**Data extract:**
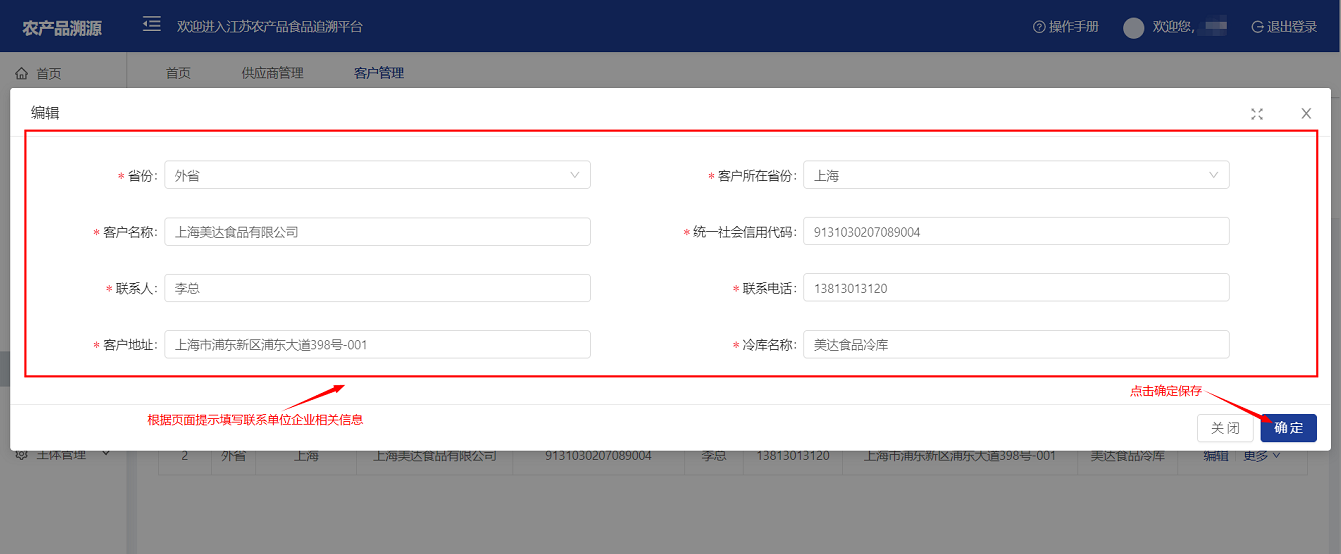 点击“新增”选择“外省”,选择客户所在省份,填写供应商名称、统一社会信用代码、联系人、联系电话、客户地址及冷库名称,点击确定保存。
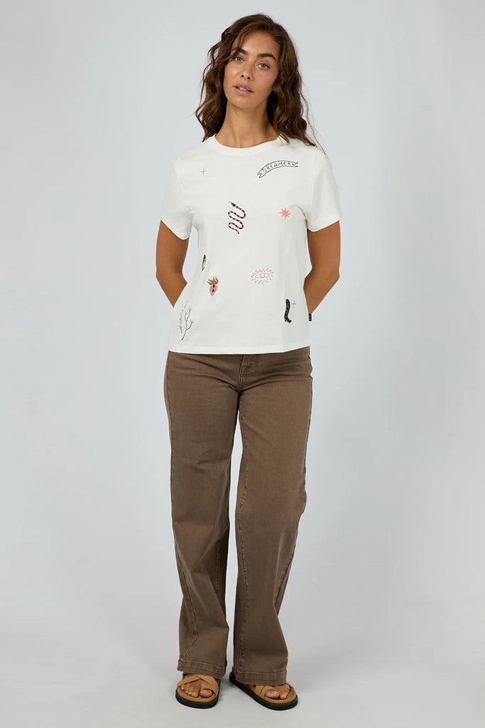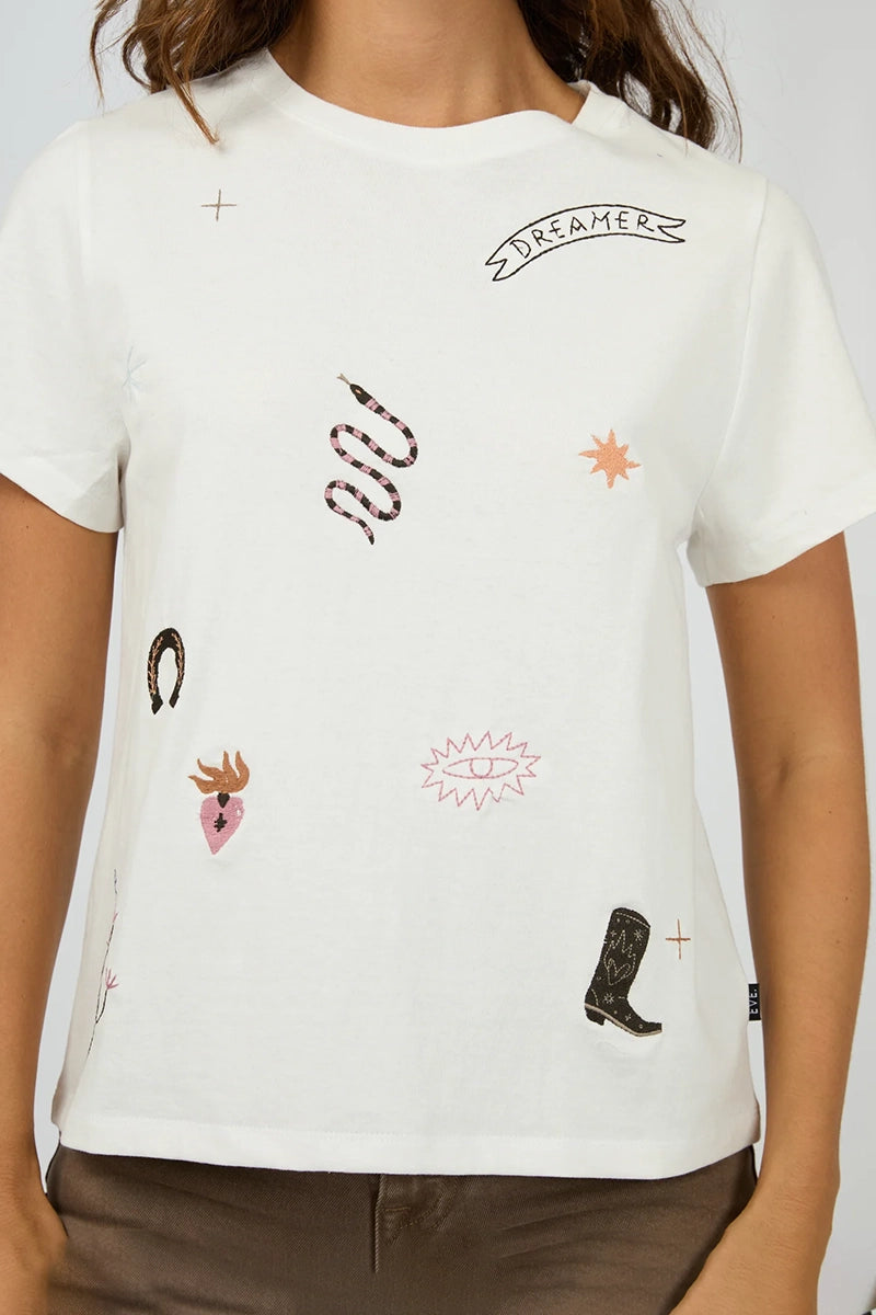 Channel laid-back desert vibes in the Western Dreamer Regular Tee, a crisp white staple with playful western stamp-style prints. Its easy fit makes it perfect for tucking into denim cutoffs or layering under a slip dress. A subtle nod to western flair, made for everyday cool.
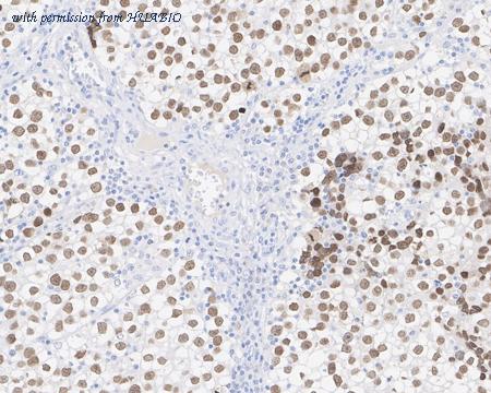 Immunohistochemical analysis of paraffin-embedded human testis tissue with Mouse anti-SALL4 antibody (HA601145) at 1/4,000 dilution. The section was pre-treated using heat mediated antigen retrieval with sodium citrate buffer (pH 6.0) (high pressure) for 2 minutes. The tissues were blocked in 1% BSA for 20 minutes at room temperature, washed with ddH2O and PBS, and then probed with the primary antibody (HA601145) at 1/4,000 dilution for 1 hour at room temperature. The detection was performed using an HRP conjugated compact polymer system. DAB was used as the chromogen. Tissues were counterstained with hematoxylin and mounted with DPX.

**Work to complete:** Before handing back the copy, remove the pictures; otherwise print the data exactly.

**Problem solution:**
 点击“新增”选择“外省”,选择客户所在省份,填写供应商名称、统一社会信用代码、联系人、联系电话、客户地址及冷库名称,点击确定保存。
 Channel laid-back desert vibes in the Western Dreamer Regular Tee, a crisp white staple with playful western stamp-style prints. Its easy fit makes it perfect for tucking into denim cutoffs or layering under a slip dress. A subtle nod to western flair, made for everyday cool.
 Immunohistochemical analysis of paraffin-embedded human testis tissue with Mouse anti-SALL4 antibody (HA601145) at 1/4,000 dilution. The section was pre-treated using heat mediated antigen retrieval with sodium citrate buffer (pH 6.0) (high pressure) for 2 minutes. The tissues were blocked in 1% BSA for 20 minutes at room temperature, washed with ddH2O and PBS, and then probed with the primary antibody (HA601145) at 1/4,000 dilution for 1 hour at room temperature. The detection was performed using an HRP conjugated compact polymer system. DAB was used as the chromogen. Tissues were counterstained with hematoxylin and mounted with DPX.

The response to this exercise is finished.